Roberto García H.. 31 agosto

Cuán lejos estábamos años atrás de reparar siquiera en la existencia de un mozalbete quien, con la bendición de su madre, abordó un día el autobús de su natal Pedregoso, decidido a dejar el sur para labrarse un norte, más allá del Cerro de la Muerte.

Una de las escenas más bellas de la película Hombre de fe, es la fotografía del paisaje generaleño. La ruta de asfalto se pierde a veces entre un mágico entorno de naturaleza pródiga, mientras identificamos, en planos alternos del filme, al carajillo lleno de sueños, y no pocos temores, mirando por la ventana del bus y aproximándose a la capital, sin sospechar en aquel momento que la decisión tomada lo llevaría a romper todos los moldes imaginables y, finalmente, a su consagración internacional.

Keylor Navas Gamboa se ha convertido en un maestro de vida para chicos y grandes, no tanto por sus extraordinarias condiciones atléticas y futbolísticas, de las que sobra reiterar conceptos, sino por las lecciones que ofrece de disciplina, resistencia, persistencia, fuerza mental y –muy importante– resciliencia, término que la psicología define como la capacidad de los seres humanos para adaptarse positivamente a situaciones adversas.

Porque Navas cree en sí mismo, mientras tantos dudan de él; persiste con obstinado afán en su sitial de honor como guardameta del Real Madrid, mientras la lógica de otros, aconseja desistir. Asume sus logros con humildad, y encara las jornadas tristes con una fuerza interior ejemplarizante. Con ambos impostores, léase victoria y fracaso, le ha tocado lidiar en distintas ocasiones, sin traicionar sus principios. Tampoco abandona la sensatez ni sus palabras medidas, pocas, pero claras y contundentes.

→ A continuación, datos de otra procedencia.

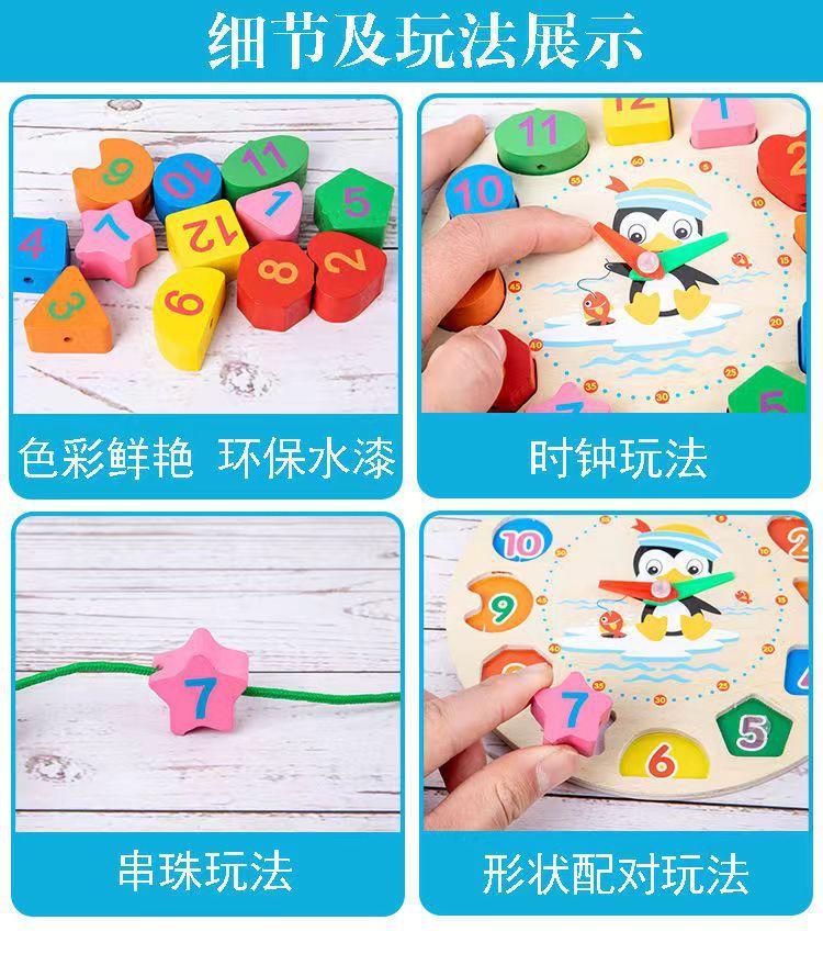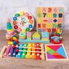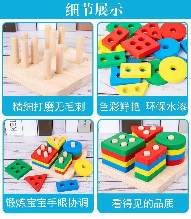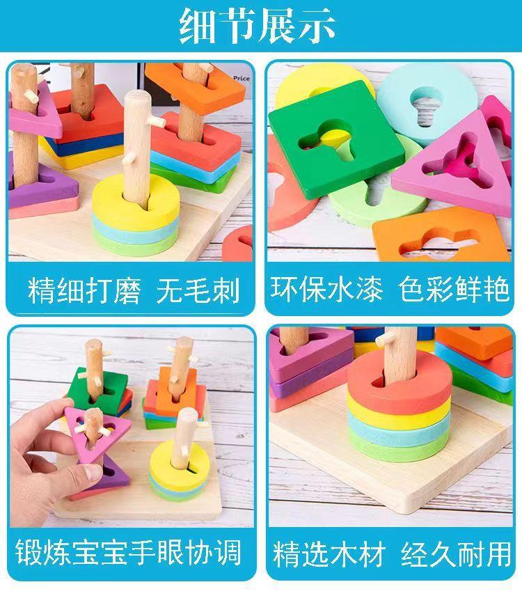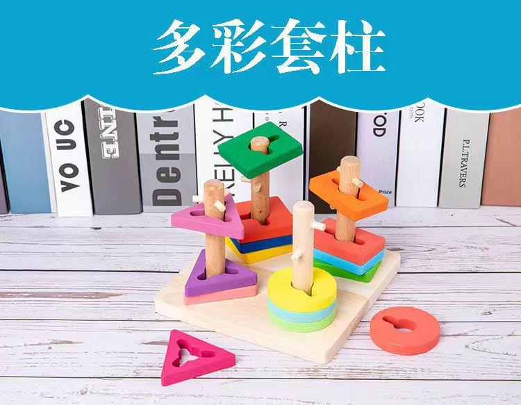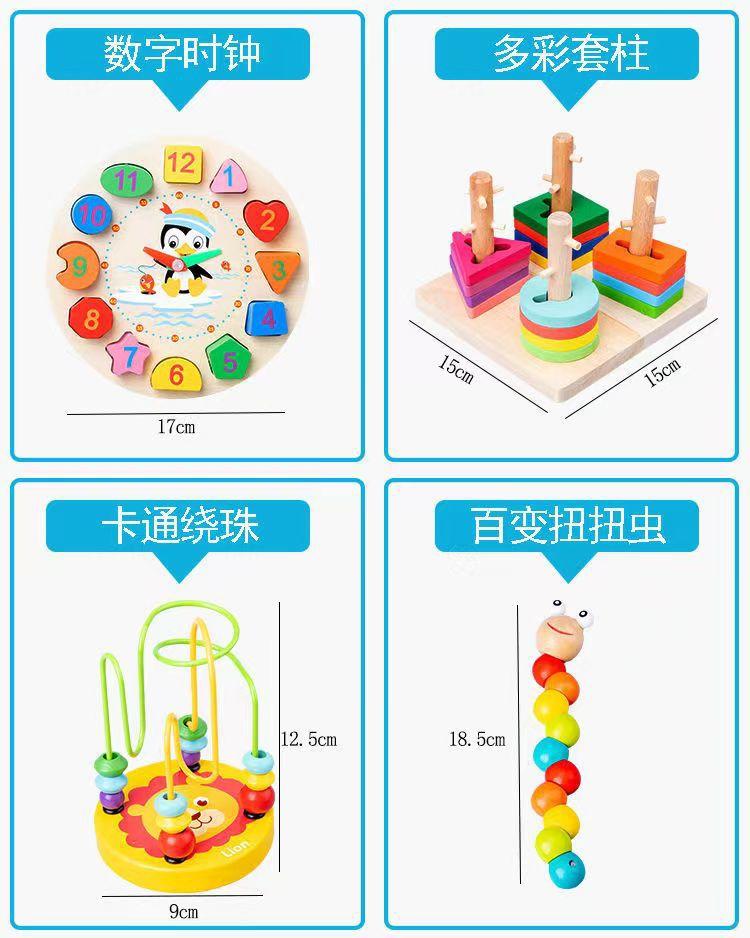 Arpa de ocho tonos para niños, reloj de enhebrar, torre arcoíris, cuatro juegos de platos con forma de columna, insecto giratorio, juguetes educativos para bebés al por mayor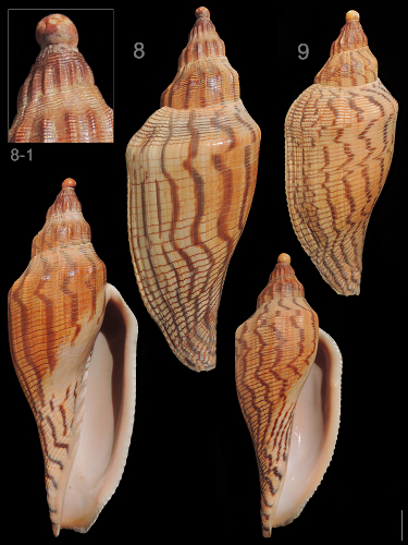 3螺塔高聳,典型具縱肋的哈密F. hamillei。132mm,東海陸棚100m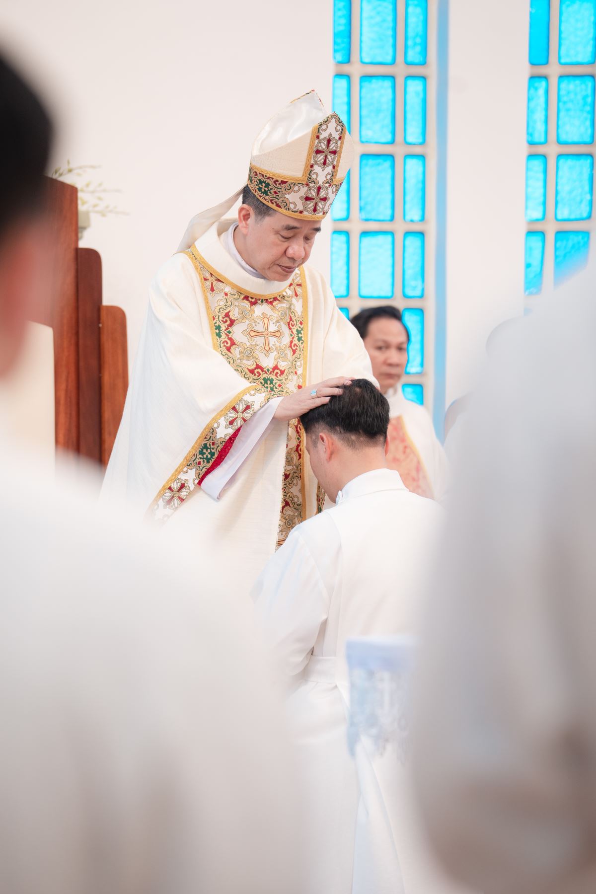 Đây là phần quan trọng nhất trong nghi lễ. Theo truyền thống từ thời các tông đồ, ĐGM thinh lặng đặt tay trên đầu từng tiến chức, với tâm tình nguyện xin ơn Chúa Thánh Thần. Với lời nguyện phong chức mà ĐGM đọc ngay sau đó, các tiến chức chính thức trở thành Phó tế, gia nhập hàng Giáo sĩ của Giáo phận.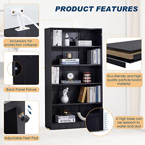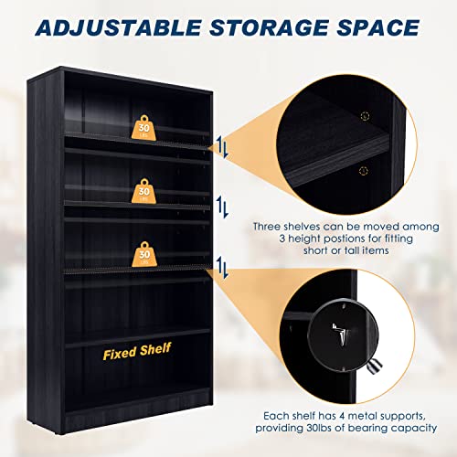 Adjustable Shelf— The five-tier bookcase has 3 adjustable shelves and 1 fixed shelf to maximize storage potential for your storage needs.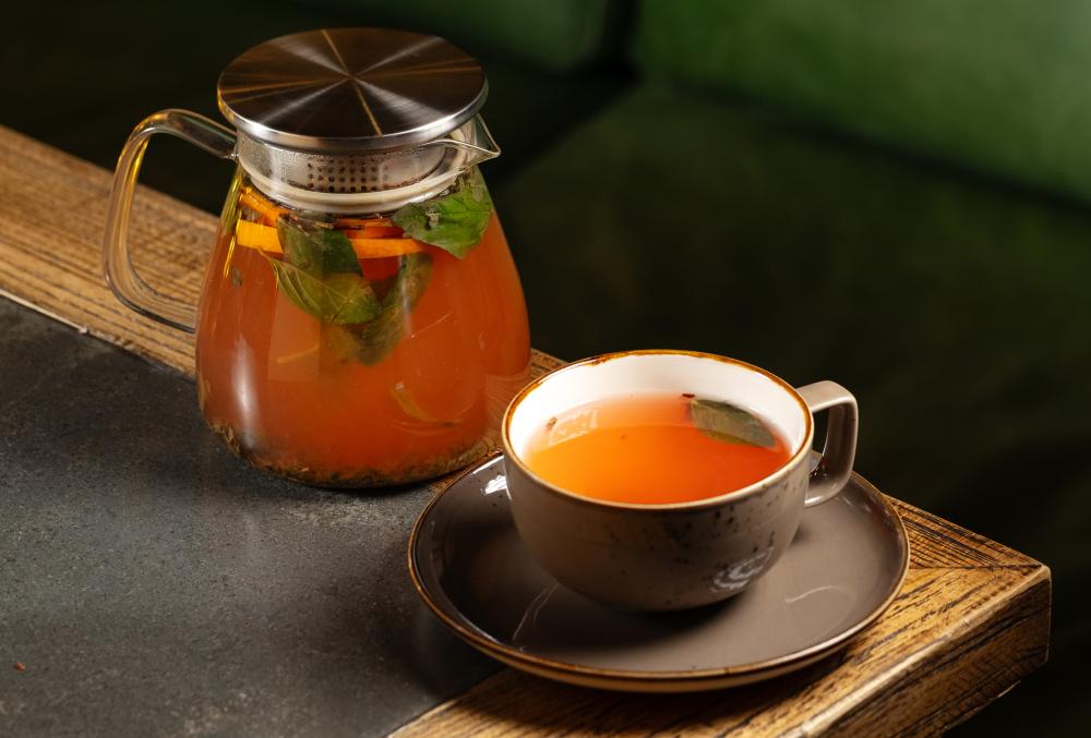 Ассам, сироп мед-душица, корень имбиря, облепиховое пюре, облепиха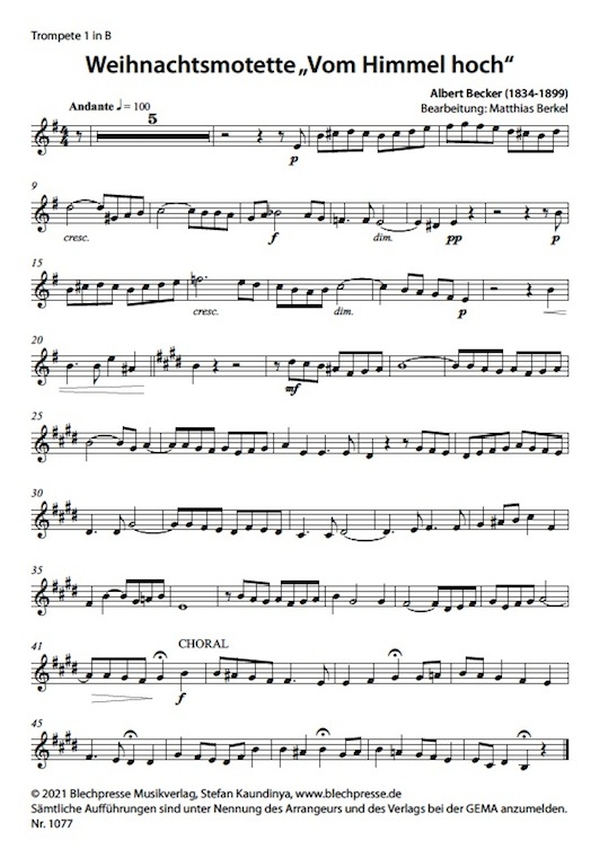 Berkel, Matthias, arr. In dieser Motette beginnt Becker mit einem ruhig bewegten Moll-Teil, dessen Dur-Variante er im zweiten Abschnitt mit der Choralmelodie Vom Himmel hoch verknüpft. Abschließend folgt sein eigener romantischer Satz des Chorals. Ein wirklich weihnachtlich-festliches Stück!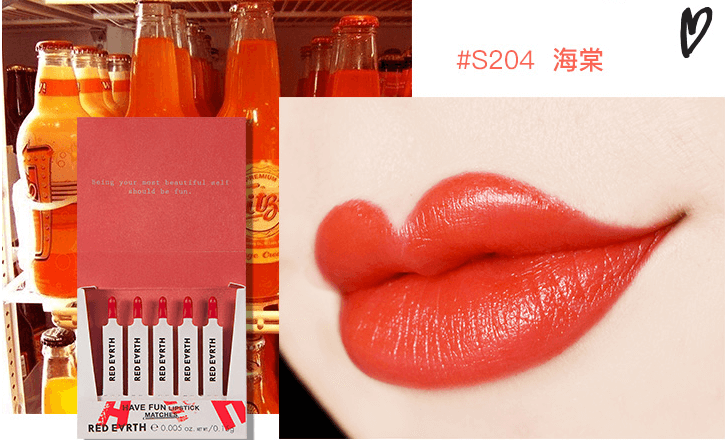 Red Earth的火柴口红已经在欧美风靡一阵了,火柴盒般的外观,质感复古,并且十分轻便,随身携带很easy!火柴口红本身也十分可爱,火柴柄可以方便拿捏,火柴头就是口红的膏体啦!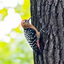 棕腹啄木鸟为啄木鸟科,啄木鸟属是中等体型的鸟类,体长约20厘米。头顶部具红色斑带。脚强健,有趾4个,…

Nuestro compatriota recibió el jueves el trofeo para el mejor guardameta de la Champions League 2017-2018, en la ceremonia de gala que incluyó el sorteo de la fase de grupos del certamen 2018-2019. Cabe destacar que la actividad se realizó en el Principado de Mónaco, como se denomina en realidad a ese mítico país, cuyo lema nacional, escrito en latín, es: Déo Juvante. Traducido al español, significa: “Con la ayuda de Dios”… Otro guiño del destino para nuestro hombre de fe.